## WHAT YOU HAVE TO DO
Exactly as they appear, please output the lines from the one with "2ct Oval Cut" through the end of the material, without pictures.

## DATA SHOWN

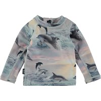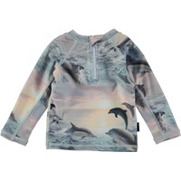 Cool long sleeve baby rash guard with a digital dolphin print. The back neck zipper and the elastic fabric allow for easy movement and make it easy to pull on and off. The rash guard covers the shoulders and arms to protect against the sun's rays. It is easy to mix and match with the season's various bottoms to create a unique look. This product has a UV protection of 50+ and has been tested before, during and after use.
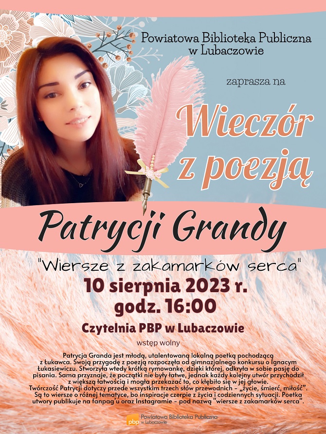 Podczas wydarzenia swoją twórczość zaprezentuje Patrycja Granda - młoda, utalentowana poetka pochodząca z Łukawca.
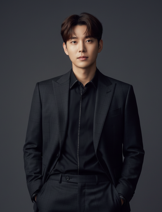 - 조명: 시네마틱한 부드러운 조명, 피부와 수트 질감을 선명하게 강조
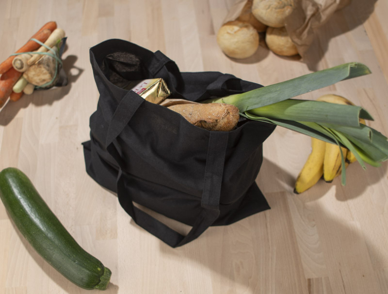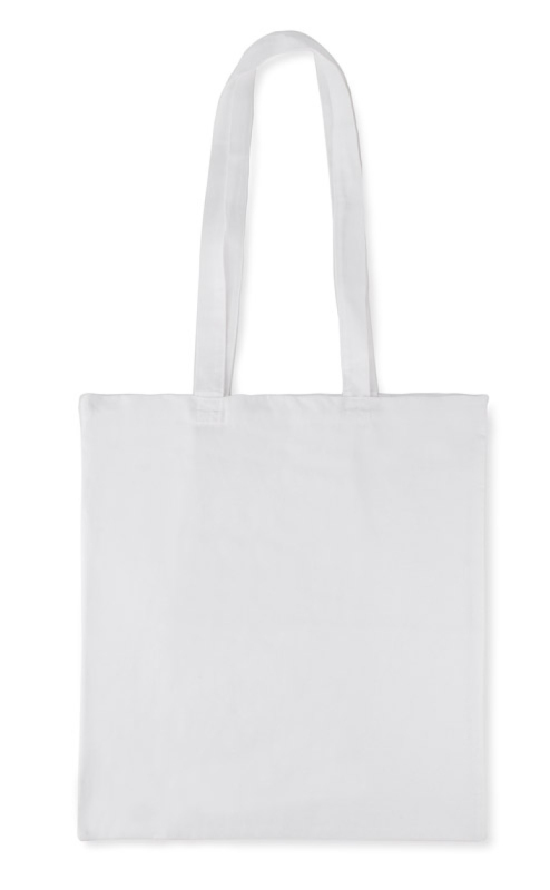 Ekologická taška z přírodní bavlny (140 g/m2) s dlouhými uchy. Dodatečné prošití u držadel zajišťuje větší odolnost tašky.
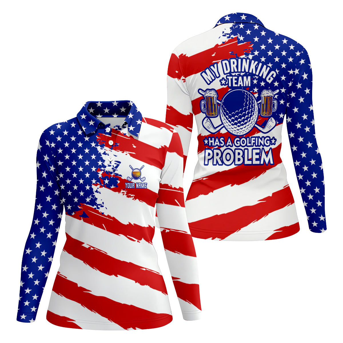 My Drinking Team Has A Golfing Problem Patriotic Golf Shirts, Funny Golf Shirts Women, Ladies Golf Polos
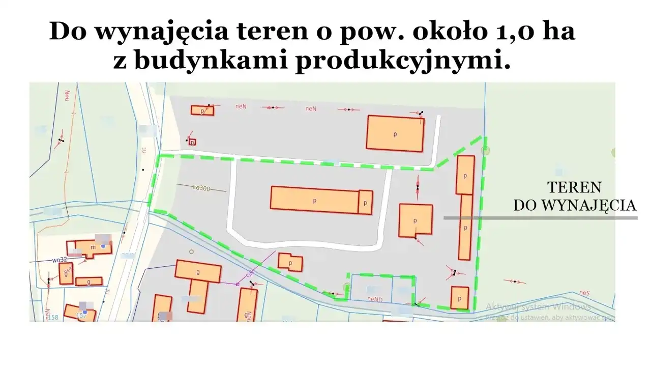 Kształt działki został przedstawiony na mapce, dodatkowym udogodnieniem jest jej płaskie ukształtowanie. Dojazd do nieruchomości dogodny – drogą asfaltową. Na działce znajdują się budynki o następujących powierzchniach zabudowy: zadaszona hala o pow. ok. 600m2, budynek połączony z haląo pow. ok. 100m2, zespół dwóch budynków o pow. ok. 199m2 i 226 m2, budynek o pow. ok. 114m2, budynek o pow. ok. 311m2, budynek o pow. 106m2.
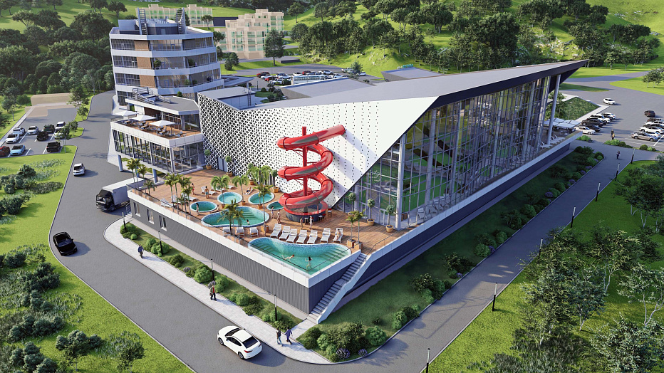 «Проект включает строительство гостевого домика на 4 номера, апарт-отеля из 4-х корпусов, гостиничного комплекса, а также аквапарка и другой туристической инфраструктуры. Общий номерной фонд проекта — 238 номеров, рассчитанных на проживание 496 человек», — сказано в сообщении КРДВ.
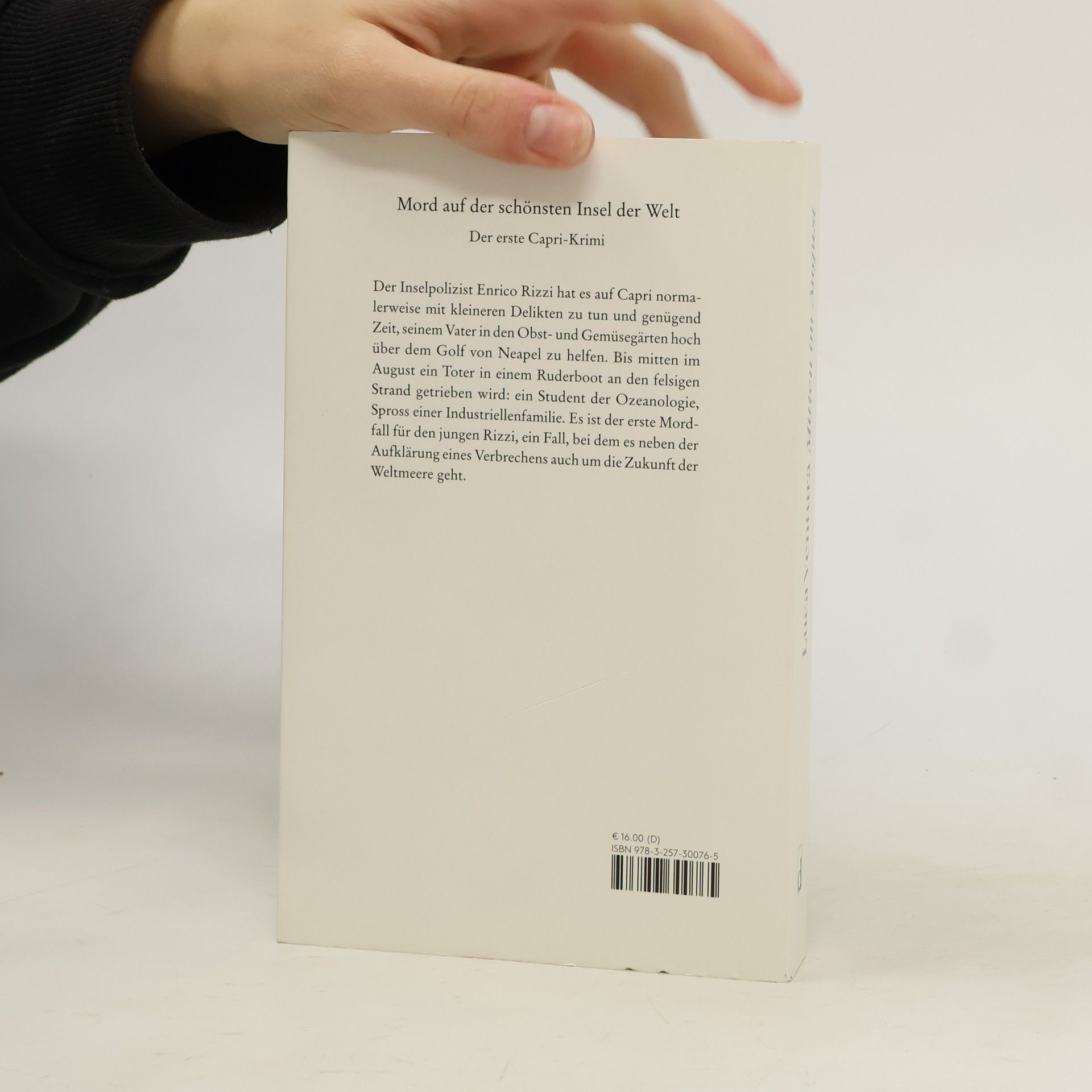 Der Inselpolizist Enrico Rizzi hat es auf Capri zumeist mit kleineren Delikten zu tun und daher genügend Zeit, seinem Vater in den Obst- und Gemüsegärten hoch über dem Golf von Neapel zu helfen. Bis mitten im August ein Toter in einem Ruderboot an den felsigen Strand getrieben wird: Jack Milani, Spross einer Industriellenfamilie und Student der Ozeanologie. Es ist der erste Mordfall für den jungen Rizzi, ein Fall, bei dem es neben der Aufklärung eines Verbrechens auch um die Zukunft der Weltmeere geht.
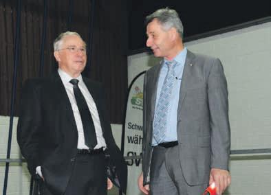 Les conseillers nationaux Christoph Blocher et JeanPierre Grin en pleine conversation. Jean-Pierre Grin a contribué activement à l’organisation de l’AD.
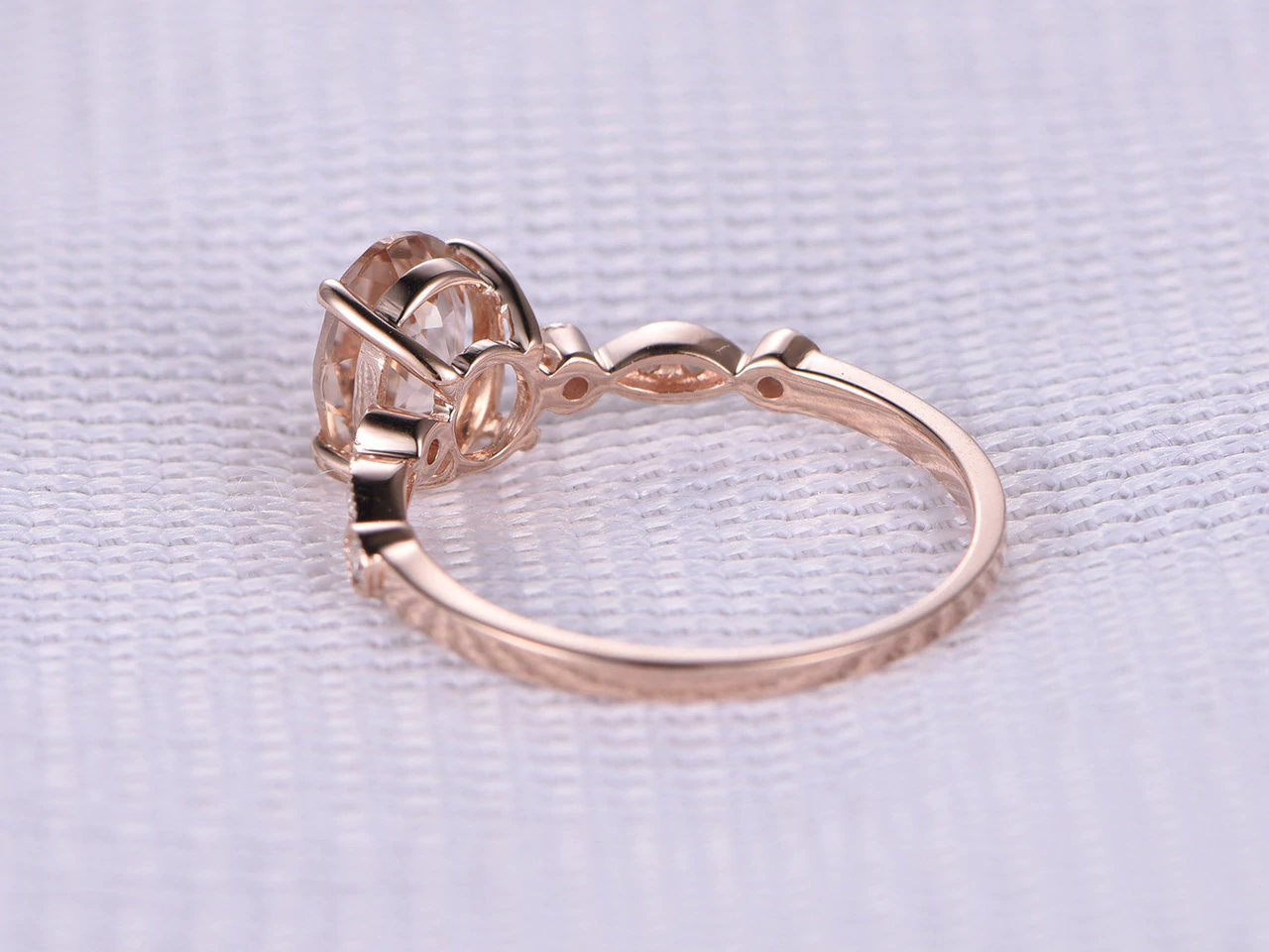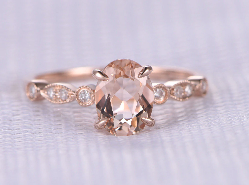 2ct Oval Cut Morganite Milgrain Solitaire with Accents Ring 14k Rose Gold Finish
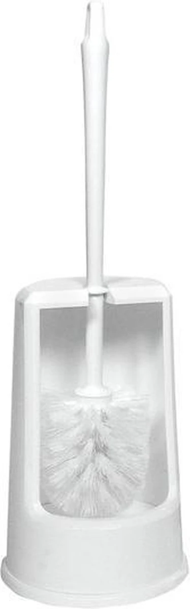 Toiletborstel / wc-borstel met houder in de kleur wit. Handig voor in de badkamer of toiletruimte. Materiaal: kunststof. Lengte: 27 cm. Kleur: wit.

## RESPONSE BELOW
 2ct Oval Cut Morganite Milgrain Solitaire with Accents Ring 14k Rose Gold Finish
 Toiletborstel / wc-borstel met houder in de kleur wit. Handig voor in de badkamer of toiletruimte. Materiaal: kunststof. Lengte: 27 cm. Kleur: wit.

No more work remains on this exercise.